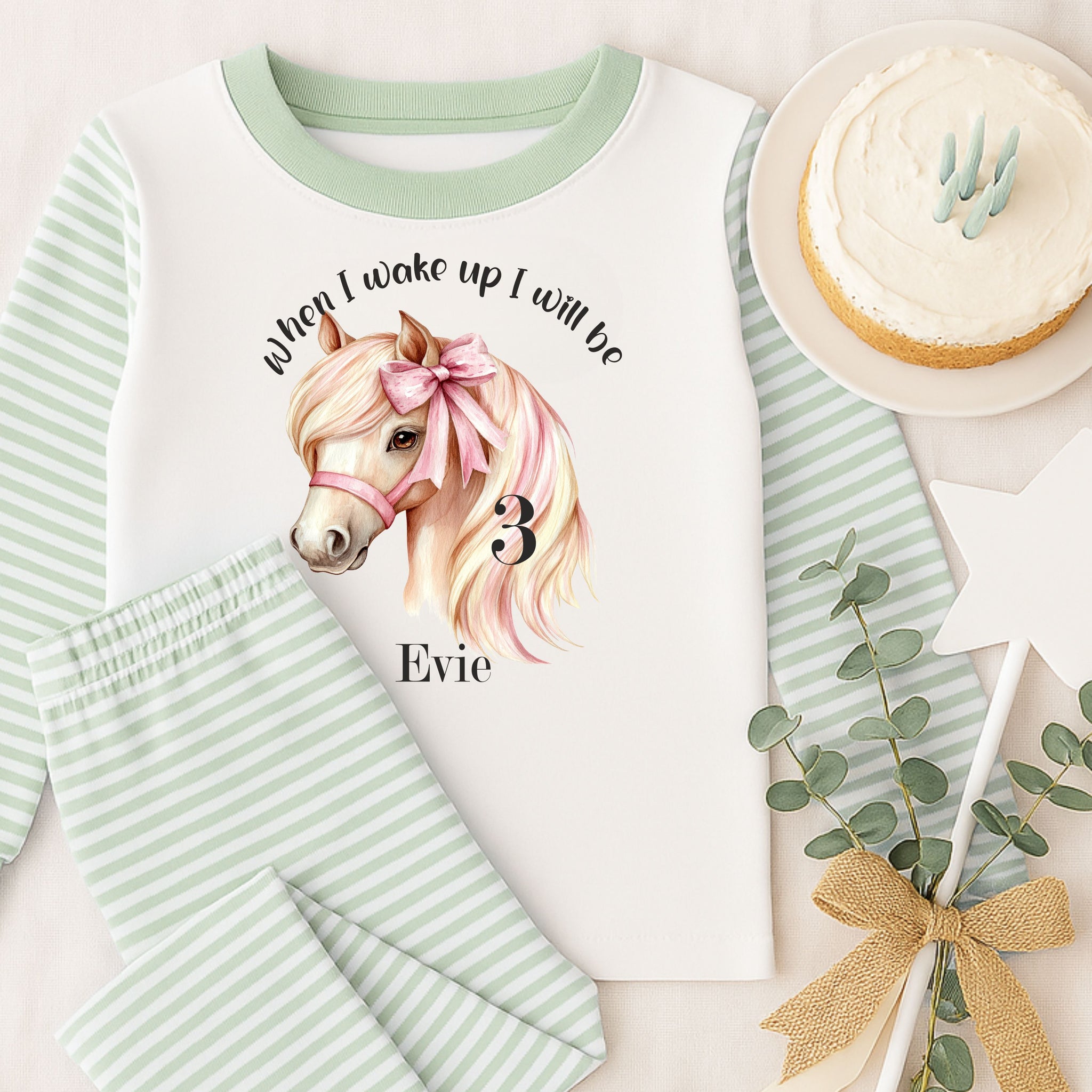 Make their birthday morning extra magical with these beautifully printed pyjamas, featuring a graceful horse head adorned with a pretty pink bow. With the message “When I wake up I will be…” followed by their new age and name, this set is perfect for celebrating in style — and comfort!
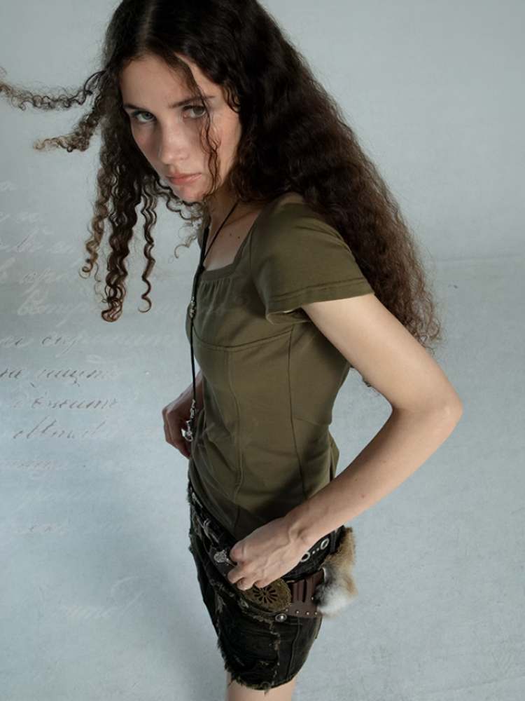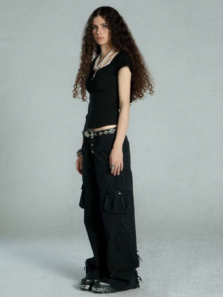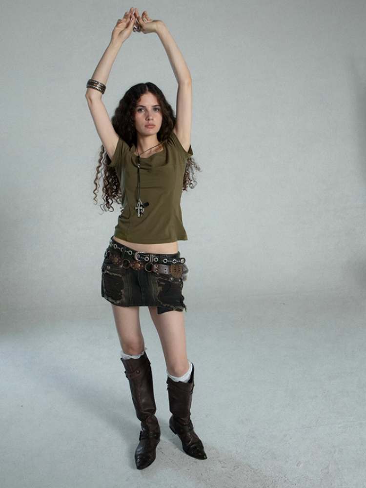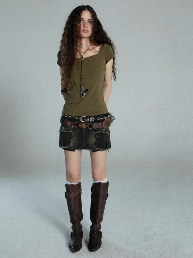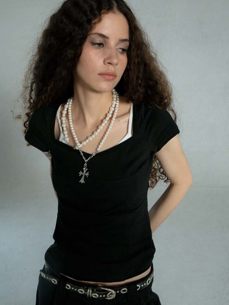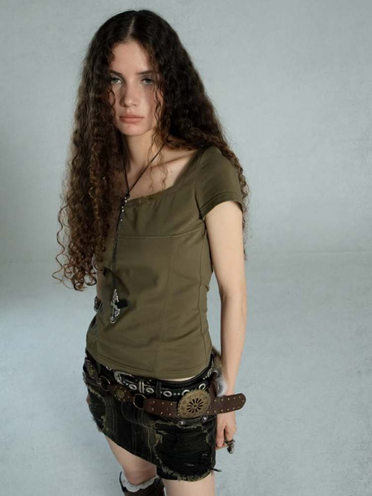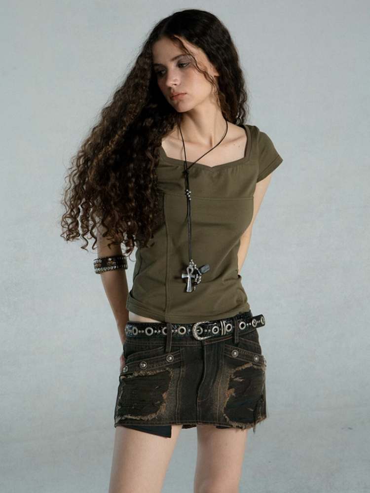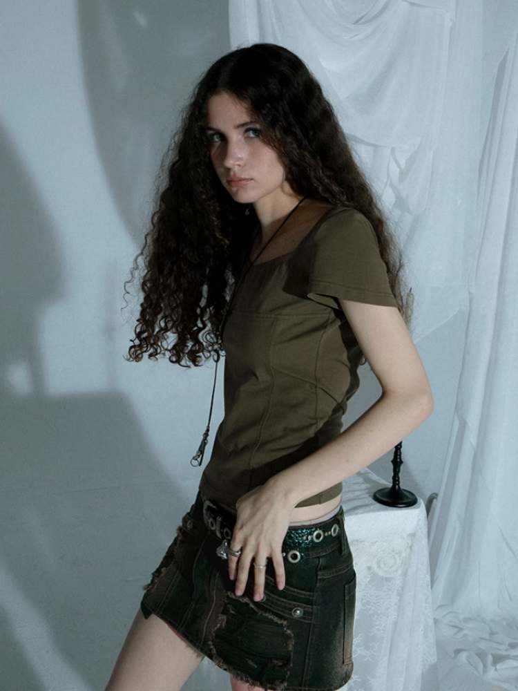 Split Line Square Collar Pinch Waist T-Shirt【s0000009020】
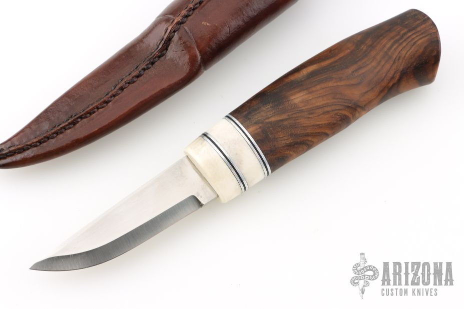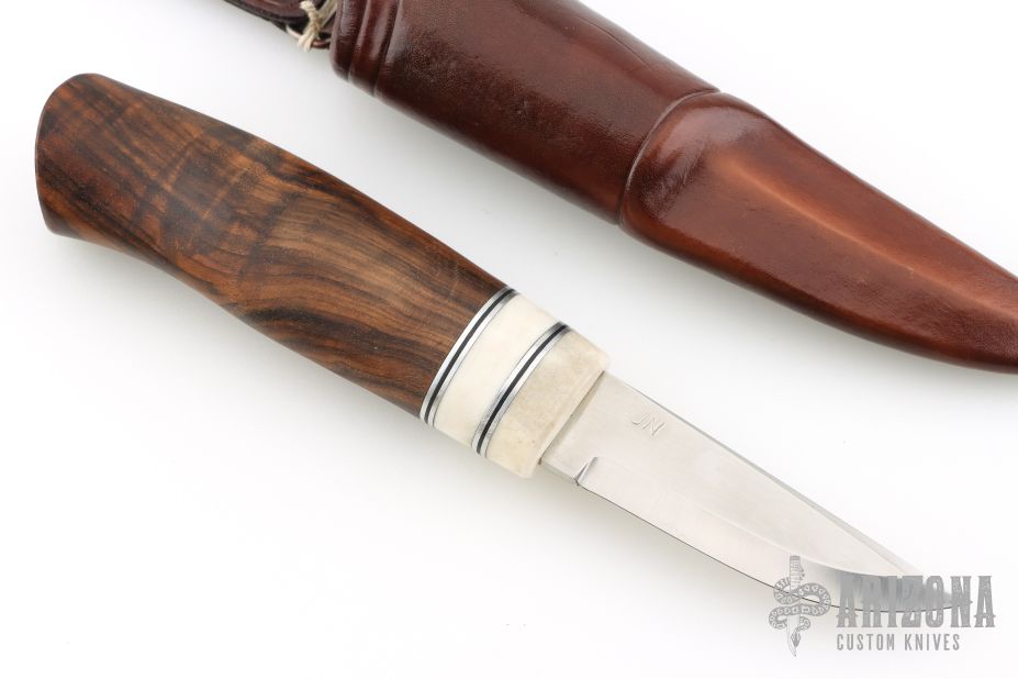 This Custom Puukko by Felix Wendt features a satin finished scandi ground blade made by Ingemar Nordell, .129" blade stock and .885" blade depth, hidden tang construction. The handle has a moose antler guard with aluminum and black spacers, and a walnut grip. Coems with a brown leather sheath. Has a couple very light scratches, otherwise excellent condition.
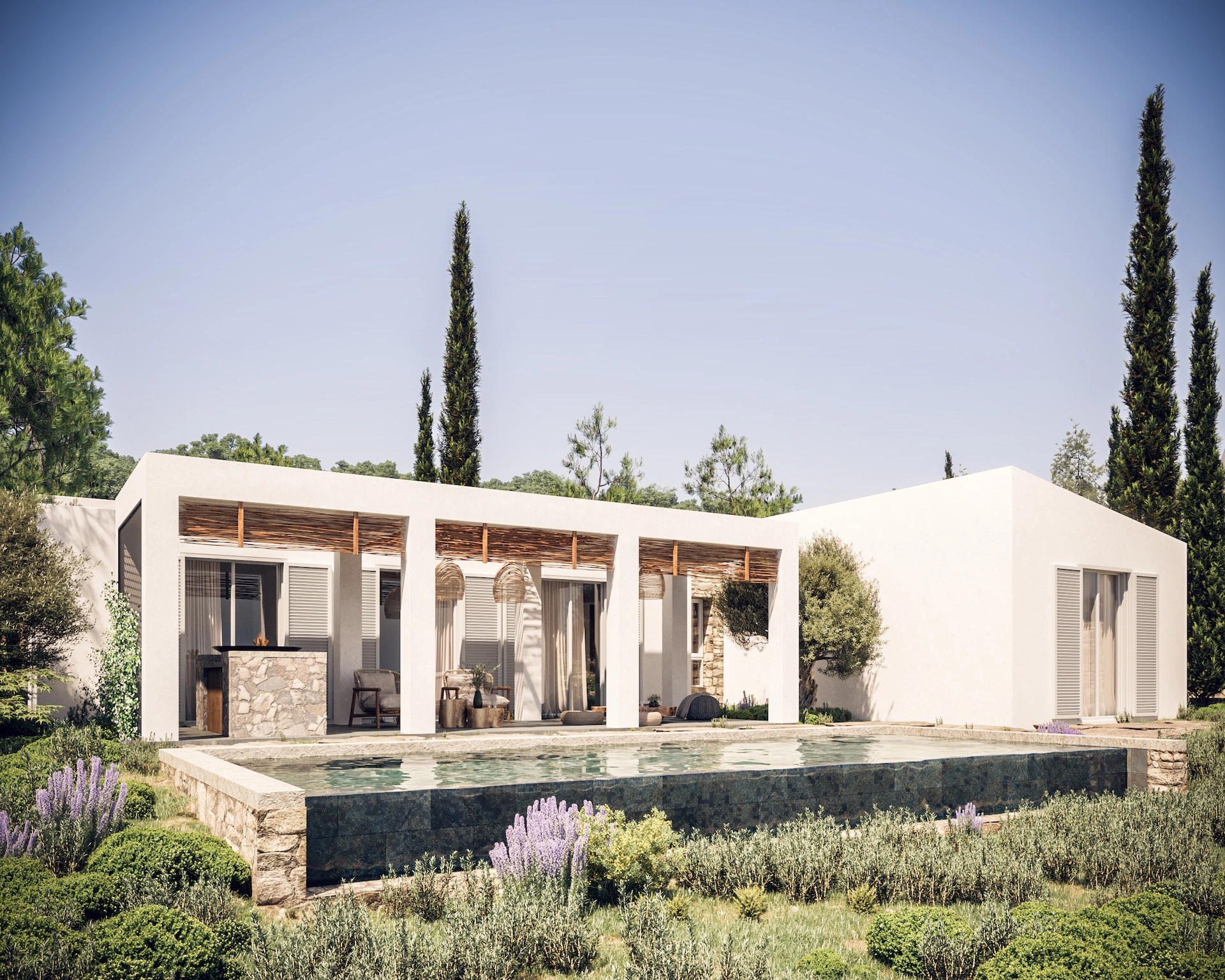 Each villa, thoughtfully crafted between 130–187 sqm, features 2 or 3 spacious bedrooms in both single-story and two-level layouts. Every home blends natural materials with bespoke finishes, creating a sense of effortless sophistication. Open-plan interiors flow seamlessly into expansive outdoor spaces with private swimming pools, jacuzzis, and landscaped gardens, embodying the essence of Mediterranean living.

################

Using the data above, transcribe exactly the lines between those containing "Split Line Square" and "This Custom Puukko", inclusive, and leave every picture behind.

 Split Line Square Collar Pinch Waist T-Shirt【s0000009020】
 This Custom Puukko by Felix Wendt features a satin finished scandi ground blade made by Ingemar Nordell, .129" blade stock and .885" blade depth, hidden tang construction. The handle has a moose antler guard with aluminum and black spacers, and a walnut grip. Coems with a brown leather sheath. Has a couple very light scratches, otherwise excellent condition.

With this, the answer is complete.